Some male spiders take very drastic measures to prevent their mates from seeing other people. It's so serious, in fact, that as part of the post-mating habits of Larinia jeskovi , or orb-weaver spiders, the male hacks off its partner's genitalia--trying to "secure paternity," as a recent study noted. Without a part called the scapus, the females are then unable to mate, as Discovery reported.
This method is one of several in the dog-eat-dog world of prolonging one's own family line or merely surviving. In other cases, males trying to secure access of their sperm to females have tactics that include guarding the female after intercourse in order to keep her separate from other males; or by sealing the female reproductive tract with a plug that is part of the copulation method, noted a report recently published in the journal Current Biology.

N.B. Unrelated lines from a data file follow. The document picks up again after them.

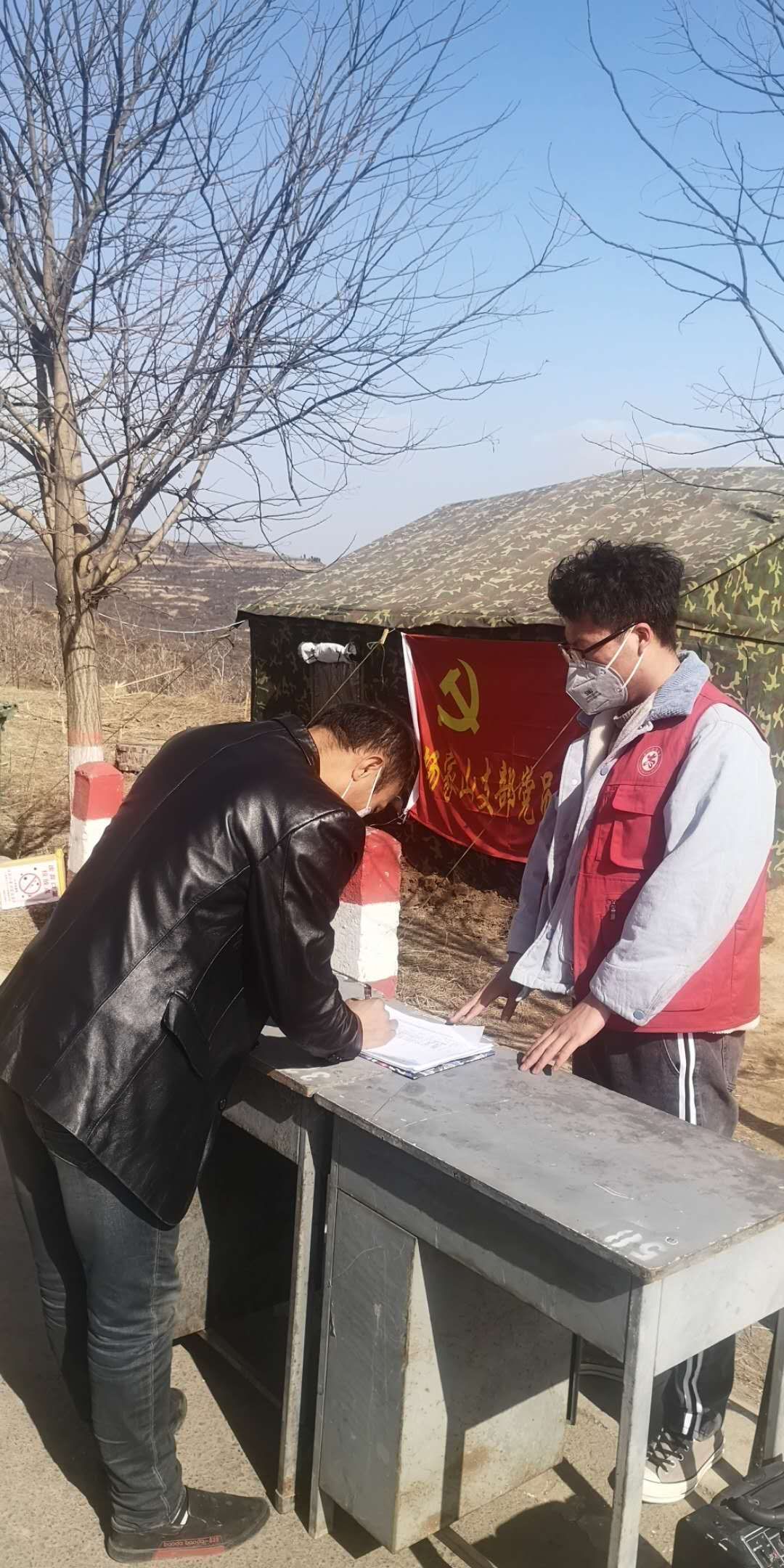 李鹏飞是公司2019级工程管理专业的一名员工,他更是一名共青团员,同时也是一名入党积极分子。在党中央与共青团中央以及村内对于老员工的号召下,他作为一名志愿者加入山西省晋中市灵石县坛镇乡杨家山村“疫情防护队”,为疫情防护工作贡献自己的一份力量。在此次志愿工作中,李鹏飞主要在“疫情检查点”负责登记过往车辆信息以及检测过往人员体温并登记在册。除了日常的检测工作外,他还积极地投入到宣传工作之中,帮助村民认识、了解疫情,让村民自发地对疫情进行积极地防控,由村到户,助力防疫工作有序推进。
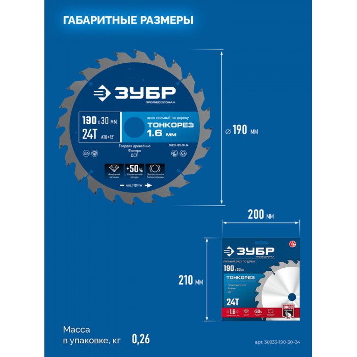 Диск пильный по дереву тонкий рез 190 x 30 x 1.6 мм, 24Т ЗУБР Тонкорез Профессионал 36933-190-30-24
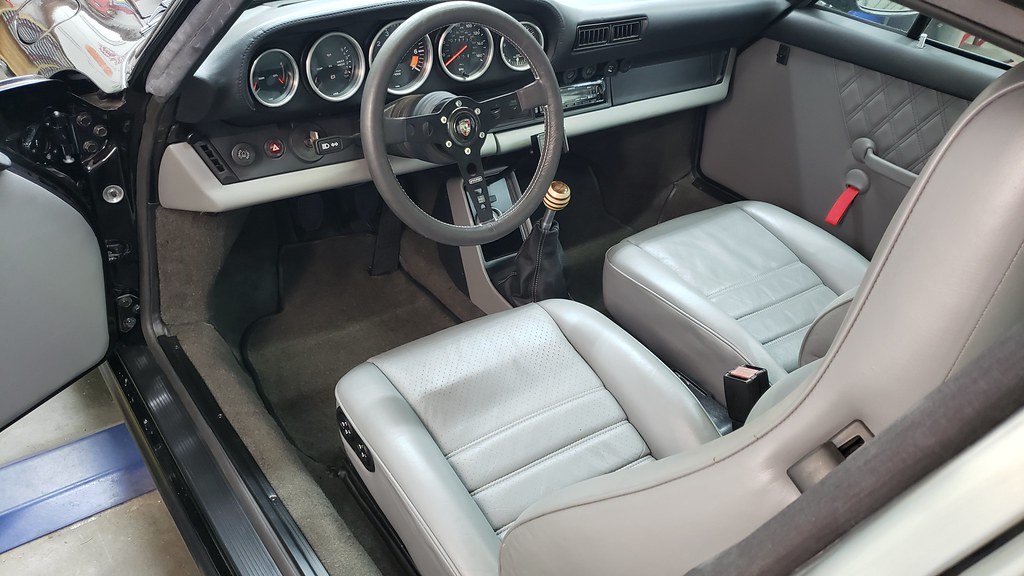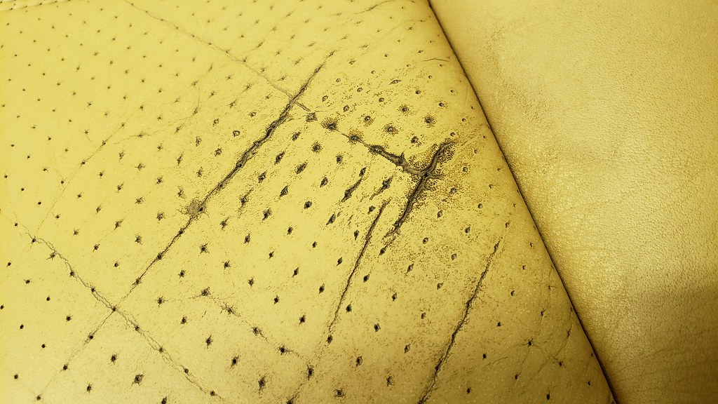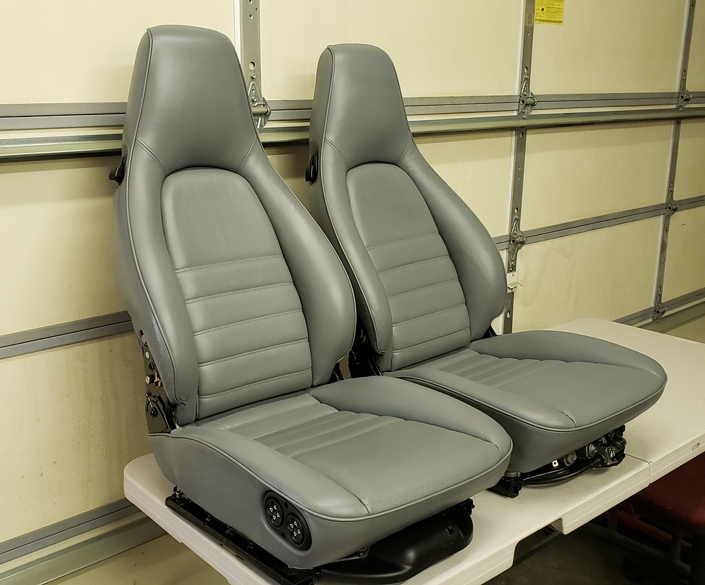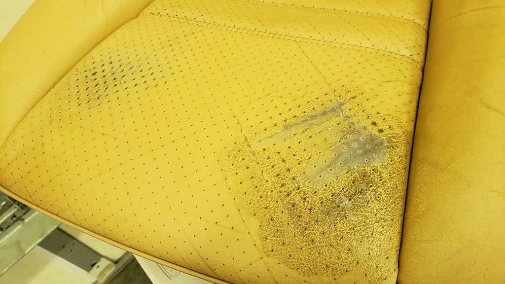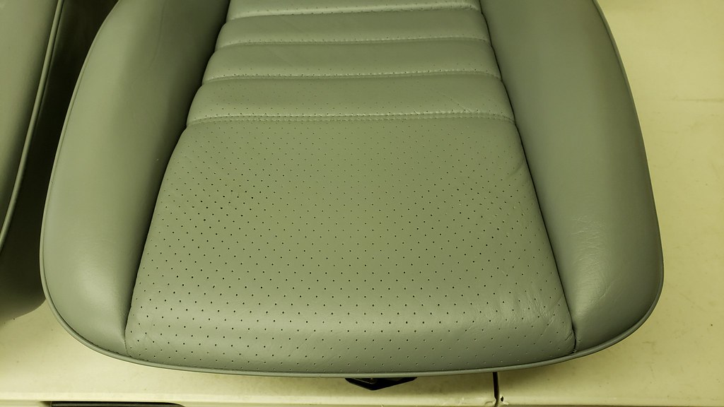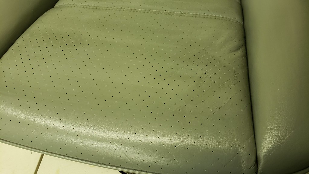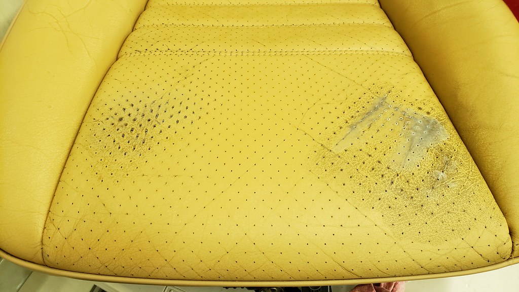 It was time to work on the seats. I found a nice set of 964 8-way power seats. The only thing was some wear on the driver seat. The pictures below show the leather already sanded and prepped, and ready for repair and dye.
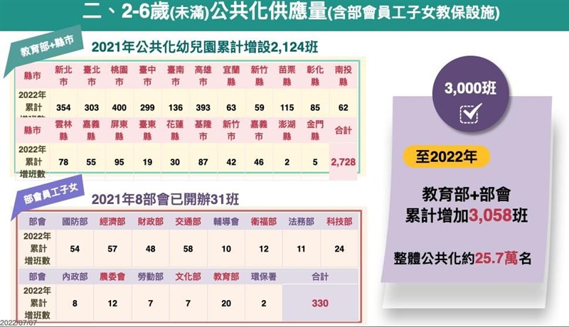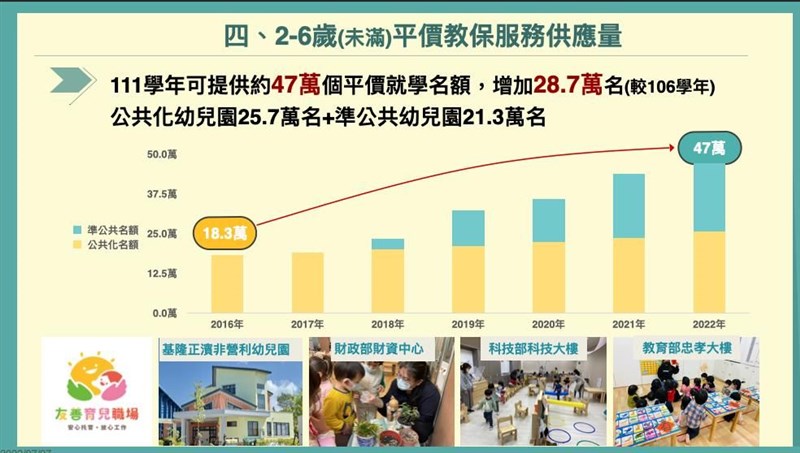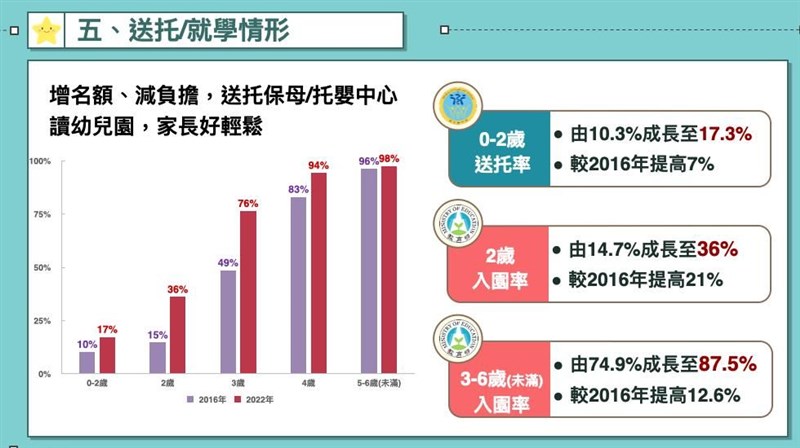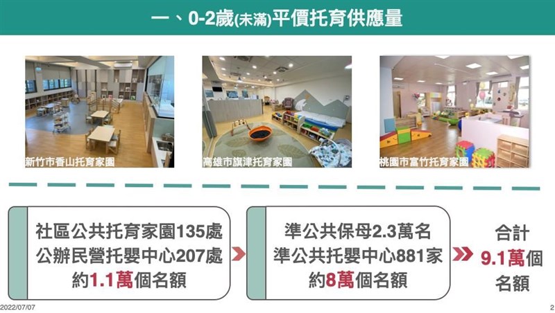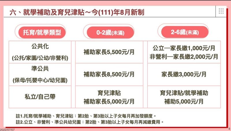 育兒托育補助加碼 8月津貼增至5千元、學費降低3千內 |2022.07.07 語音朗讀 1024觀看次 字級 大 中 小 8月起育兒津貼,將從現行每月新台幣3500元提高至5000元。圖/中央社 【本報台北訊】為落實蔡英文總統在大選期間曾提出的「0至6歲國家一起養」政策,行政院會去年拍板,去年8月起,育兒津貼提升為3500元,托育補助增為7000元;今年8月,兩者再加碼1500元,且條件也多所放寬,例如過往第三胎才加碼補助,這次提前至第二胎,鼓勵國人生養。育兒托育補助8月加碼。圖/教育部提供教育部今天到行政院報告「少子女化對策成果報告—0至6歲國家跟你一起養」。行政院發言人羅秉成在行政院會後轉述,行政院長蘇貞昌在會中表示,明年將投入近千億元,除大幅提高預算,也透過修法、調整政策,跨部會減輕育兒家庭負擔。教育部針對「增名額、減負擔、加津貼」說明。教育部表示,擴大平價教保富量部分,0到2歲(未滿)今年6月累計增設公共化托育342處,整體平價名額約9.1萬名;2到6歲(未滿)部分,公共化幼兒院提前在今年達成增設3000班之目標。育兒托育補助8月加碼。圖/教育部提供學費降低加碼方面,針對就讀公共化及準公共托育機構的幼兒,今年8月再降低費用。2歲以下的幼兒送去公共化托嬰中心、社區家園,和準公共托嬰中心和保母,今年8月開始,每個月托育補助再加1,500元,第2胎、第3胎以上、低收入戶及中低收入戶幼兒的補助再增加。就讀公共化及準公共幼兒園的2至6歲(未滿)幼兒,今年8月起,就學費用再降低,家長每月最多只要繳3000元;就讀公幼每月甚至只要繳交1,000元,第2胎以上子女、低收入戶及中低收入戶家庭子女上學「免費」。育兒托育補助8月加碼。圖/教育部提供育兒津貼也同步加碼,教育部表示,今年8月起,家長自己帶或就托未加入準公共的私立托嬰中心或私立幼兒園的小朋友,第1胎育兒津貼每月發放額度提高到5000元,第2胎每月6000元、第3胎以上每月7000元。另外,一般私立幼兒園的5至6歲(未滿)小朋友,今年8月起,由家長自己申請辦理,就學補助的作業方式及額度也比照津貼辦理,並於次月月底前撥付至家長指定帳戶。育兒托育補助8月加碼。圖/教育部提供蘇貞昌表示,除了商業醫院、政府機關、公營事業等得設置較保中心,也積極申辦社會住宅,去年也投入近百億營造友善生養環境。蘇貞昌盤點,擴大不孕補助已經有4萬多件通過審查、26000人獲得補助,對比109年整年度才19件,有如是天壤之別,有2100多對夫妻、產下2400多名嬰兒,若再往下推動, 預計明年底可產下嬰兒達到1萬2000多名。育兒托育補助8月加碼。圖/教育部提供蘇貞昌說,提高育嬰留停從6成提高到8成、兩成由政府補助方面,申請人數比前年同期增加三成,受惠人數將近十萬人。他說,放寬育嬰留停申請彈性,男性申請人數大幅成長,從2100人成長到5400人,打1.5倍,可增加男性負擔育兒責任。育兒托育補助8月加碼。圖/教育部提供 前一篇文章 Novavax開打 各縣市預約、注意指南 下一篇文章 危老重建5年受理3052件 租稅減免延長 熱門新聞 01元旦寶寶 桃園、新竹市逆勢成長2026.01.0202【易經花藝】花開之處 便是易境2026.01.0403嘉義蘭潭大白熊 可愛造型好療癒2026.01.0204每年吸走6500萬噸 浮游生物幫地球儲碳2026.01.0405泡腳茶飲按穴位 小寒養生重溫補2026.01.0206【人間行者心】感恩心背《金剛經》2026.01.0407滋補暖胃 小寒節氣蔬食養生2026.01.0508名醫聯手破解 異膚獲得全方位照護2026.01.0309星雲大師全集【傳記】百年佛緣─生活篇 我的人間性格 3 - 32026.01.0210溫補暖身節氣料理2026.01.05 訂閱電子報 台北市 天氣預報 台灣一週天氣預報 相關報導 櫻花鉤吻鮭 復育成效佳外送員專法三讀 每單報酬保底45元南投山區 梅花盛開總預算卡關 北基擬先墊付TPASS經費台鐵集集線 首階段復駛台南永康工業區失火 黑煙竄天幸無人傷亡

Researchers from Germany's University of Greifswald and Poland's University of Bialystok published this particular study. They think that the practice might be more common than we know among other spiders, the report noted.
"Male-inflicted genital damage is very prevalent since all female L. jeskovi were found to be mutilated at the end of the mating season," the study's authors wrote in the report. "External genital mutilation is an overlooked but widely spread phenomenon since 80 additional spider species were found for which male genital manipulation can be suspected."
The researchers said in their report that they think that animals that have the same system of interlocking genital structures might also have similar post-sex destruction rituals.